- Data excerpt:
•••••

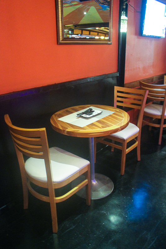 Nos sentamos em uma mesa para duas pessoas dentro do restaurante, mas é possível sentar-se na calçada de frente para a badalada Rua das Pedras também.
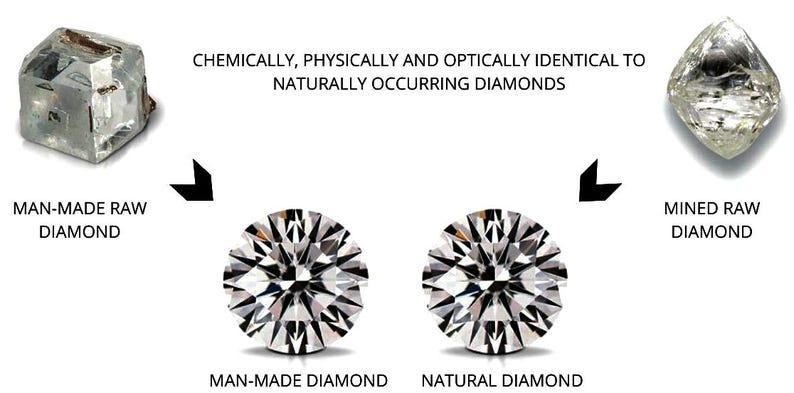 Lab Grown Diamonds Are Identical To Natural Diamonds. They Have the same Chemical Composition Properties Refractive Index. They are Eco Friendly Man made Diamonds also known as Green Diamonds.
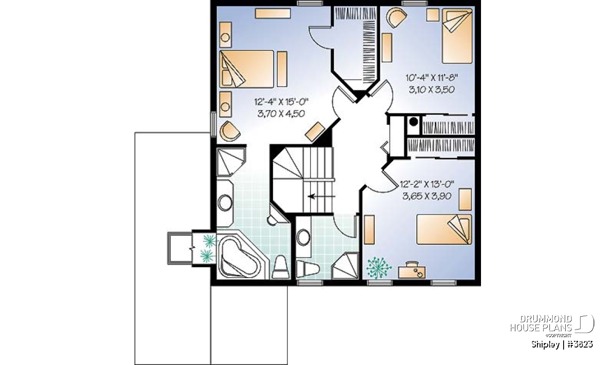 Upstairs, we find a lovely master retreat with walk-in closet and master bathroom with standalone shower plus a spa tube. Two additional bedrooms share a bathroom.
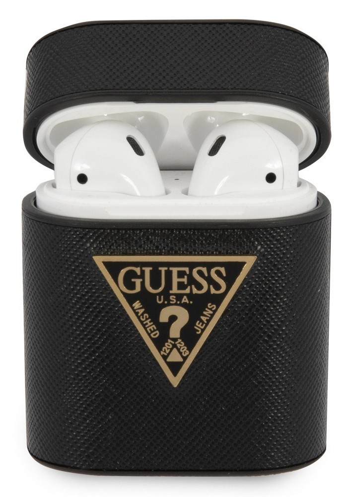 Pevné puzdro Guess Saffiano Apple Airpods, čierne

•••••

Everything from the line that contains "Upstairs, we find" to the final line of the data is to be duplicated exactly, both ends included, except the pictures.

 Upstairs, we find a lovely master retreat with walk-in closet and master bathroom with standalone shower plus a spa tube. Two additional bedrooms share a bathroom.
 Pevné puzdro Guess Saffiano Apple Airpods, čierne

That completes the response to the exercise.